Question

Give the first four terms of the Laurent's expansion in the stated region: (sin(z) - z)/(z^2*cos (z)) in the region 0< abs(z) < pi*2

Answer 1

*

Answer 2

Ain't Laurent's series (if not stated otherwise) around (0,0) ?

Answer 3

around zero .... wolf calculates as
http://www.wolframalpha.com/input/?i=laurent+expansion+%28sin%28z%29+-+z%29%2F%28z^2*cos+%28z%29%29+at+z%3D0

Answer 4

Consider me a deserter on this one.

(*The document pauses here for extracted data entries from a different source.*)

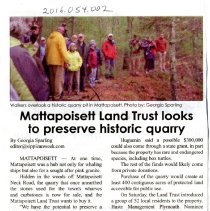 An article from Sippican Week, dated 12/1/2016, titled "Mattapoisett Land Trust looks to preserve historic quarry". Pink granite can be found in the Marion Town Hall. also see #2016.006.001
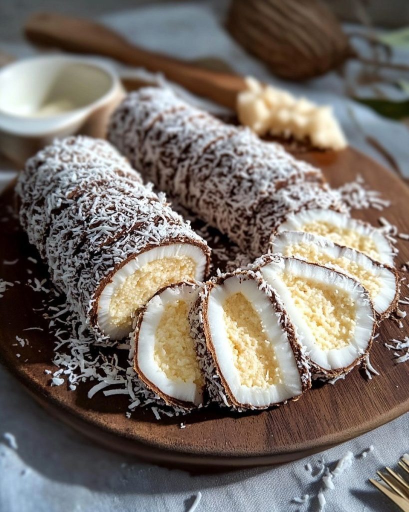 Kokosrullar med två krämer är en unik dessert som kombinerar kokosnötens delikatess med den intensiva smaken av två läckra krämer. Denna kombination gör varje lager av denna dessert till en sann njutning. Ett perfekt val för speciella tillfällen, fester eller helt enkelt för att lyfta humöret. Den krispiga skorpan, den delikata kokossmaken och den krämiga konsistensen gör att denna dessert garanterat kommer att bli en favorit i ditt hem.
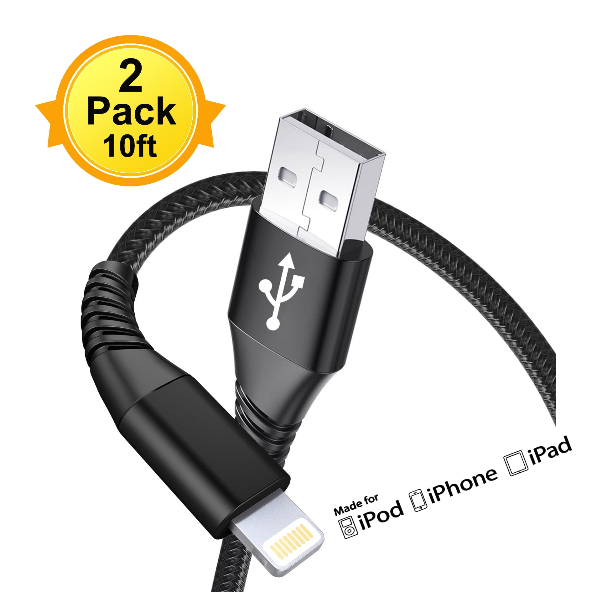 Lightning Cable 10ft 2Pack, XUDUO iPhone Charger Cord Nylon Braided Fast Charging USB Cord for iPhone11/X/XS/XR/8/7/6/5S/SE/iPad Mini Air(Black)
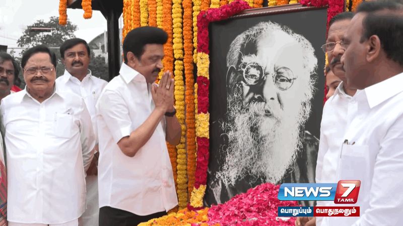 பெரியாரின் நினைவு தினத்தை முன்னிட்டு முதலமைச்சர் மு.க.ஸ்டாலின் பெரியாரின் உருவப்படத்திற்கு மலர்தூவி மரியாதை செலுத்தினார்.

Can do, but the efficiency will be not excellent.

Answer 5

Let \( z = re^{i\theta}\) then \( dz = r i e^{i\theta }\)
Let \( a_n \) be the coefficients of Laurent series
\[ \huge a_n = \frac1{2i\pi}\int _\gamma \frac{f(z)}{(z-0)^n} dz \\
\huge= \frac1{2i\pi}\int _\gamma \frac{\sin (r {e^{i \theta}) - r {e^{i \theta}}}}{r^{n+2}e^{i\theta {(n+2)}} \cos (re^{i\theta})} r ie^{i \theta}d\theta\]

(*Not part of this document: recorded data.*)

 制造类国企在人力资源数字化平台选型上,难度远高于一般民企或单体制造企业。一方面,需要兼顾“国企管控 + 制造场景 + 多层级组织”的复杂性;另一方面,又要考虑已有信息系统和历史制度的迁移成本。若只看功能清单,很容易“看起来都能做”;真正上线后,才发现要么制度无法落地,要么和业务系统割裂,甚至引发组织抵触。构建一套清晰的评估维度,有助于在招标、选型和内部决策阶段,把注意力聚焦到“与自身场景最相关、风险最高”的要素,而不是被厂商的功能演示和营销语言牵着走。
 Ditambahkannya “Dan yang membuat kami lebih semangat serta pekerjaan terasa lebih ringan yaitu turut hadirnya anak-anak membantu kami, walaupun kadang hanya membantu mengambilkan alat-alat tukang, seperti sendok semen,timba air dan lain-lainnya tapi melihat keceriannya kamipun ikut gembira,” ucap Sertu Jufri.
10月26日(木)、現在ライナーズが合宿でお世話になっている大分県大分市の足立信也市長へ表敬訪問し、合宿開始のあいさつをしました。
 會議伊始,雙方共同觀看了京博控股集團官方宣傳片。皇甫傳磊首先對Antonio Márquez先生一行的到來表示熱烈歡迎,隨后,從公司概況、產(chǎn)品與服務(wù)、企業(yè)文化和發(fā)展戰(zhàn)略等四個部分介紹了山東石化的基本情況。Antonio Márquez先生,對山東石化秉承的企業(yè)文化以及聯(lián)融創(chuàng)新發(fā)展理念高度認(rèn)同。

Try to evaluate these using contour integral. I'm not sure if i should put \( r = 1 \) or \(r = 2 \pi \) since there are singularities in \( {\pi \over 2}\) and \( {3\pi \over 2}\).

I don't know any simpler method.

Answer 6

Woops, the limit of integration should be
\[ \huge \int_0^{2\pi}\]

Answer 7

also try this
\[ f(z) = \frac{\sin z - z}{z^2 \cos z}=\frac{-\frac{z^3}{3!}+\frac{z^5}{5!}-\ldots}{z^2(1-\frac{z^2}{2!}+\frac{z^4}{‌​4!}-\ldots)}=\frac{-\frac{z}{3!}+\frac{z^3}{5!}-\ldots}{(1-\frac{z^2}{2!}+\frac{z‌​^4}{4!}-\ldots)} \]